### Problem requirements
From the line containing "Travato Oklahoma State" down to the line containing "OCMOGO日本品牌不粘锅爆炒锅家用平底炒菜锅熟铁氮化无涂层铁锅电磁炉燃 爆炒锅 32cm" in the records below, reproduce every line exactly, ends included, and omit all others.

::: Extracted entries :::

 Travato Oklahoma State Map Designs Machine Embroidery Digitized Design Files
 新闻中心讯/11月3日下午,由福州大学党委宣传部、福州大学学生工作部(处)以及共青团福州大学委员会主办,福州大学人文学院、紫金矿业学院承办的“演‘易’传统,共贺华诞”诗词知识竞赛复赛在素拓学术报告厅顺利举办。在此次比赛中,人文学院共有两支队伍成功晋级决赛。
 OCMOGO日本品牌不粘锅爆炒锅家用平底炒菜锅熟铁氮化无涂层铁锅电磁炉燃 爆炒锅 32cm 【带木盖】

:::
::: Extracted entries :::

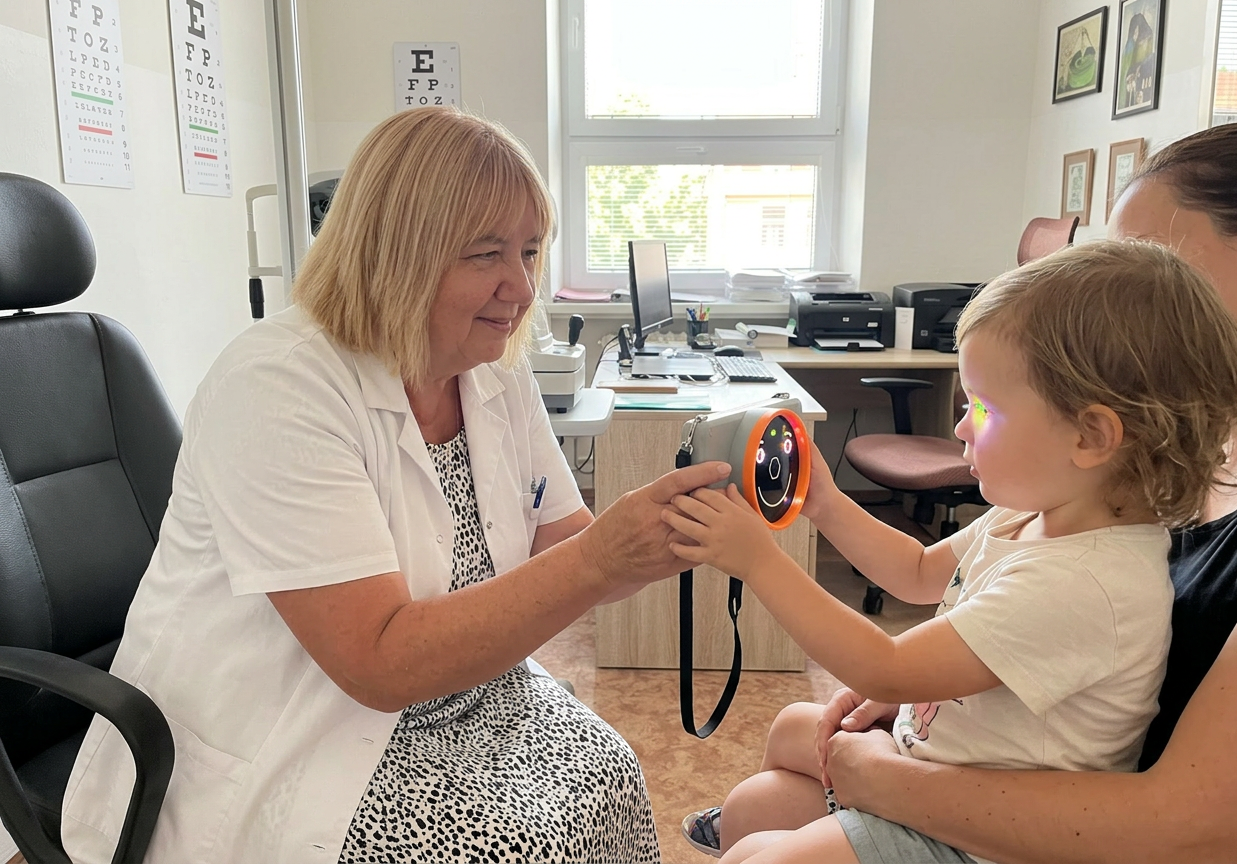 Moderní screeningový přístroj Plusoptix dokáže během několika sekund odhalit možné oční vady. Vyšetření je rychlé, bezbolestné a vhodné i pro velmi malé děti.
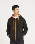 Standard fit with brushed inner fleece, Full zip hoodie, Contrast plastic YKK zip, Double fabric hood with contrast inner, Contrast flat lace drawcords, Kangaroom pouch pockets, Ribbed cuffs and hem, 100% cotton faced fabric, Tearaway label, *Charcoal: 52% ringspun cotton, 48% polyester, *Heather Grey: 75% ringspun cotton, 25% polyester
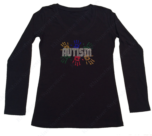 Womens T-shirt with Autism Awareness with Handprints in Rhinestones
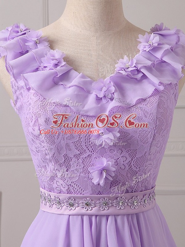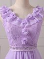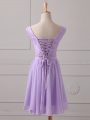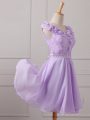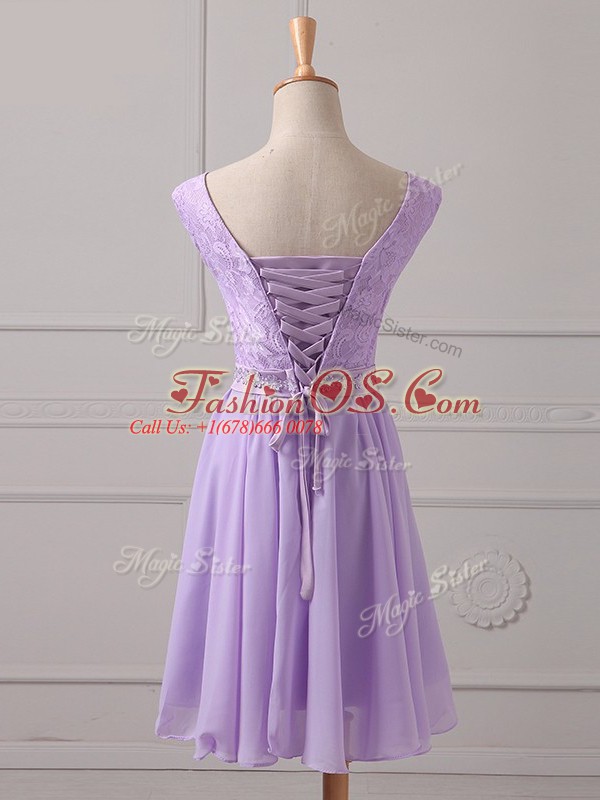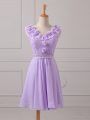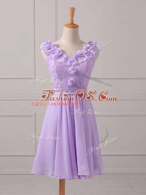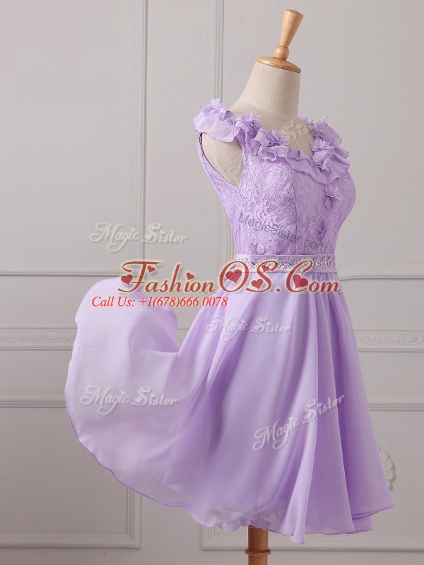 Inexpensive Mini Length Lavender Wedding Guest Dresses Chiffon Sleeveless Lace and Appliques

:::
::: Extracted entries :::

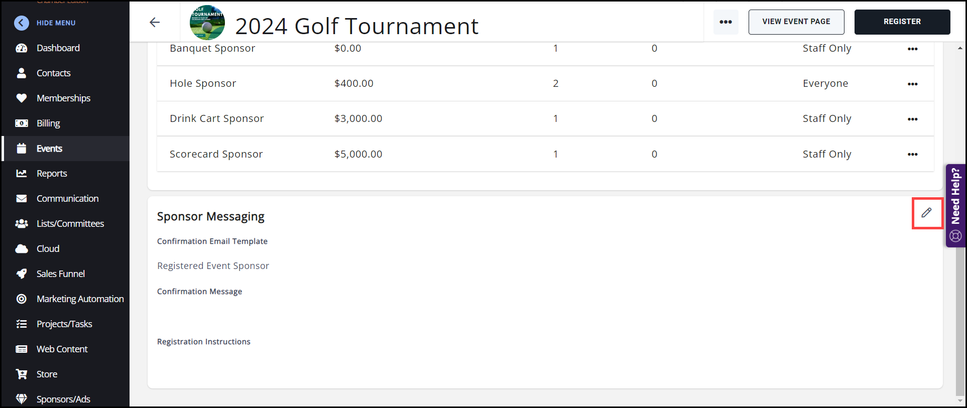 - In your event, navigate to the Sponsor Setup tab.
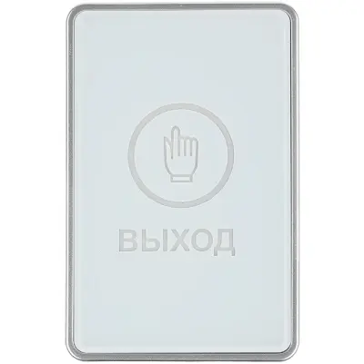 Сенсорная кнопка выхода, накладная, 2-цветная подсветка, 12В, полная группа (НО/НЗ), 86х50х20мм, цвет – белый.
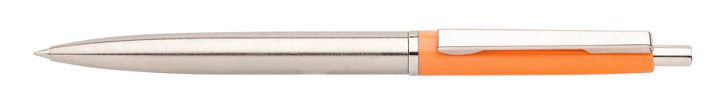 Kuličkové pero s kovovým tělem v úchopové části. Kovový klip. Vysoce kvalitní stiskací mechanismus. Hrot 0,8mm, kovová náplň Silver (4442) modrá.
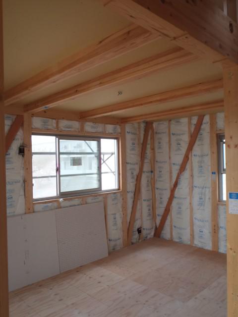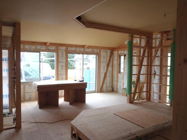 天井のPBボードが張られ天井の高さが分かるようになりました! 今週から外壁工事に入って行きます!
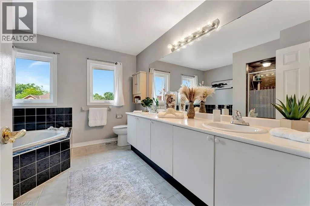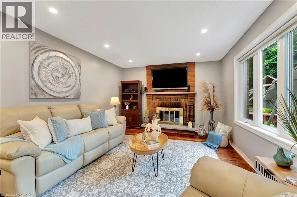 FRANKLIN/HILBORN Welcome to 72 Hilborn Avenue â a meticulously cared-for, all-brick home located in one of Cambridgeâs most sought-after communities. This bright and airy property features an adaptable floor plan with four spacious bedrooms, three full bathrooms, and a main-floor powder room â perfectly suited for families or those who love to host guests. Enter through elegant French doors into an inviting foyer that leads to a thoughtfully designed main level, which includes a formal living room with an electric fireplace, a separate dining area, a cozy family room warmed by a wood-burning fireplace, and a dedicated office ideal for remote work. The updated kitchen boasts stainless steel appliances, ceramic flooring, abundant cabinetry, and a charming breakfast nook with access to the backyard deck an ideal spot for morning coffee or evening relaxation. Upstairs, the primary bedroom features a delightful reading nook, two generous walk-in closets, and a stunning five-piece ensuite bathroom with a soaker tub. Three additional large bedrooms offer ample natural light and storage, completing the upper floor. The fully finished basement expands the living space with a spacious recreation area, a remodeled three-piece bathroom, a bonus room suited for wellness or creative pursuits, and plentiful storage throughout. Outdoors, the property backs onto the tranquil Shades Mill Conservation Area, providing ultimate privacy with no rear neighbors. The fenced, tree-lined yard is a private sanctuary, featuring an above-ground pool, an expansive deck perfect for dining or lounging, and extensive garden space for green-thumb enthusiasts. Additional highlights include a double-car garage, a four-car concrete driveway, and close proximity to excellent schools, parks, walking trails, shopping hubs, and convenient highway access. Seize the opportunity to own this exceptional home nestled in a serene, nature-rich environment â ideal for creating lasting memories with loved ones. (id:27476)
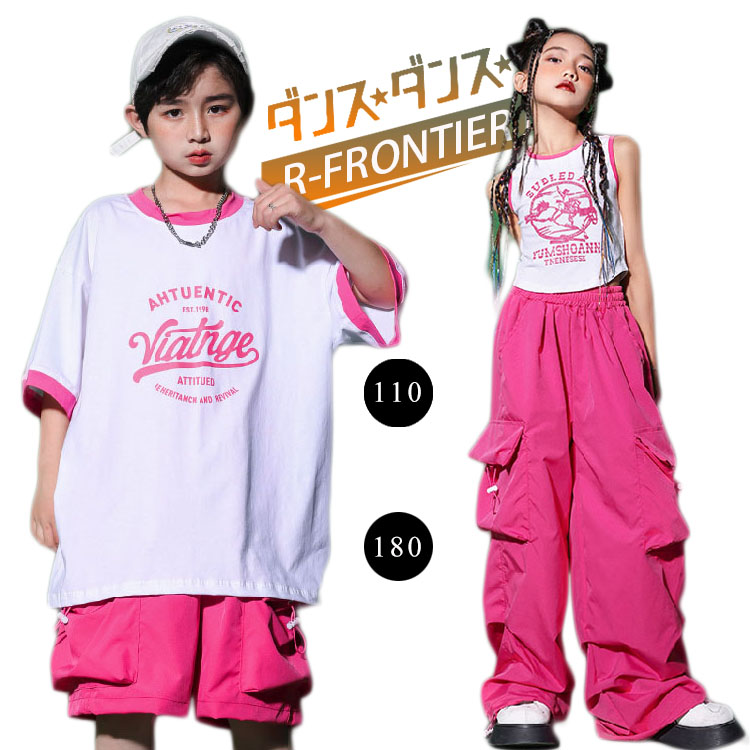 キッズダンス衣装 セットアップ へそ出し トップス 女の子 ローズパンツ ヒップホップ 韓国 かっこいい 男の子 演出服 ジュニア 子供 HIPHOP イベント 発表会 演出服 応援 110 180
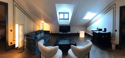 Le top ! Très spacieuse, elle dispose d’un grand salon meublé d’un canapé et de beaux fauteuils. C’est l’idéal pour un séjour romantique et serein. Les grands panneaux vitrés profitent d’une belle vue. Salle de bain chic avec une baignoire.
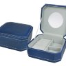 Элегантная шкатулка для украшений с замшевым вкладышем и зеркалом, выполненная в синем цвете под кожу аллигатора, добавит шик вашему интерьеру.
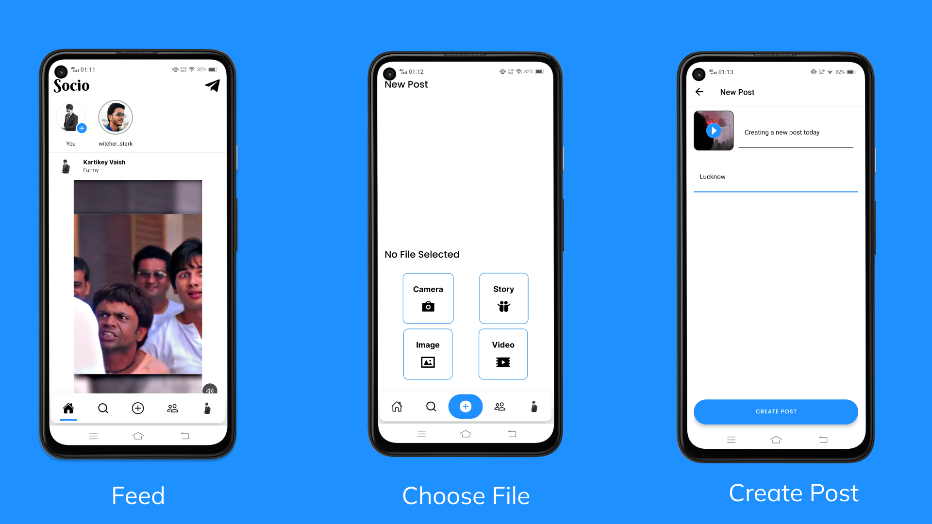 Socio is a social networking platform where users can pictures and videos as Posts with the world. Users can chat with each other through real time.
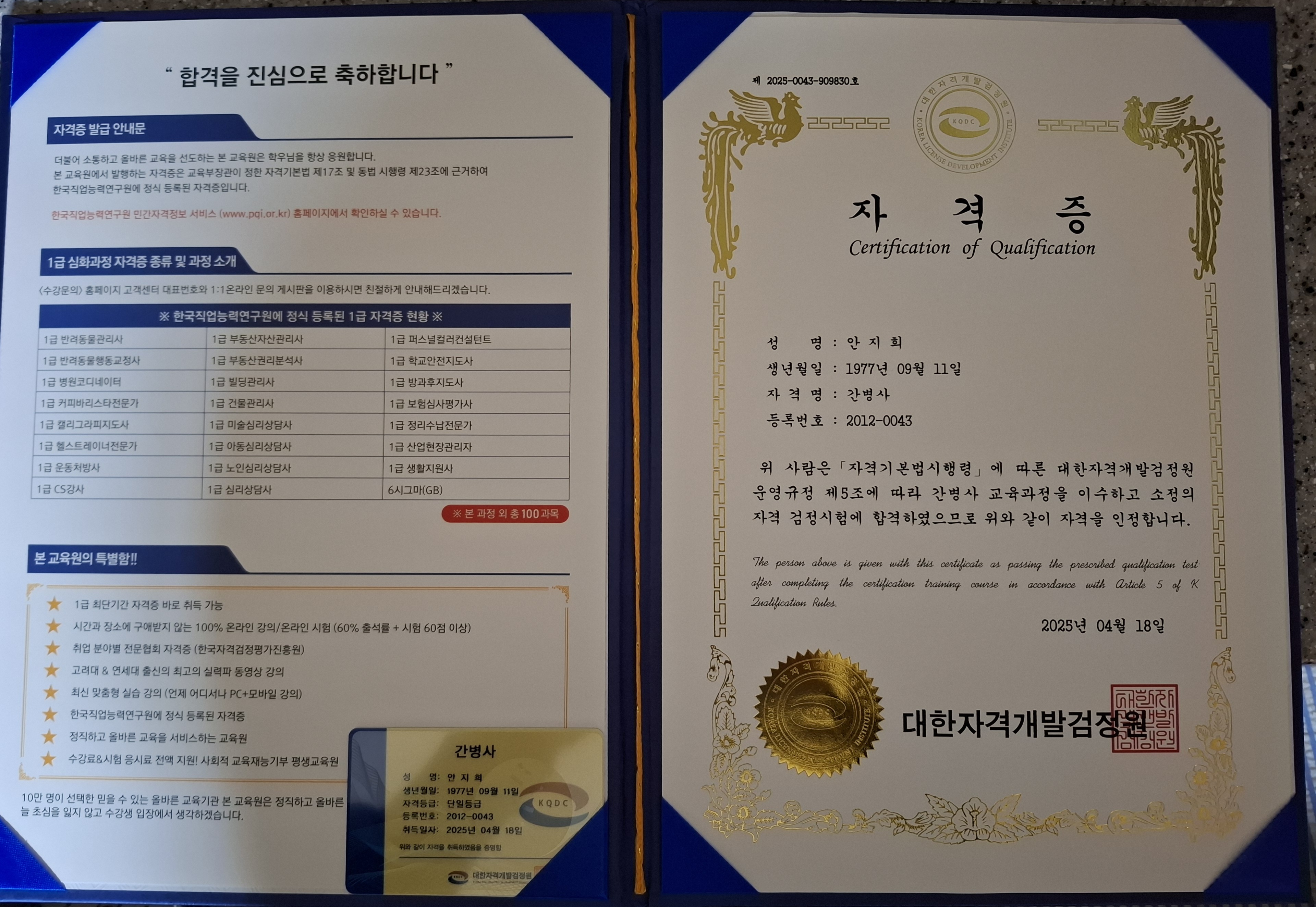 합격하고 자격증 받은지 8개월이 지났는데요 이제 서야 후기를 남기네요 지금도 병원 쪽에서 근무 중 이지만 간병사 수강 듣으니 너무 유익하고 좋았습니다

:::

### Response to this task
 Travato Oklahoma State Map Designs Machine Embroidery Digitized Design Files
 新闻中心讯/11月3日下午,由福州大学党委宣传部、福州大学学生工作部(处)以及共青团福州大学委员会主办,福州大学人文学院、紫金矿业学院承办的“演‘易’传统,共贺华诞”诗词知识竞赛复赛在素拓学术报告厅顺利举办。在此次比赛中,人文学院共有两支队伍成功晋级决赛。
 OCMOGO日本品牌不粘锅爆炒锅家用平底炒菜锅熟铁氮化无涂层铁锅电磁炉燃 爆炒锅 32cm 【带木盖】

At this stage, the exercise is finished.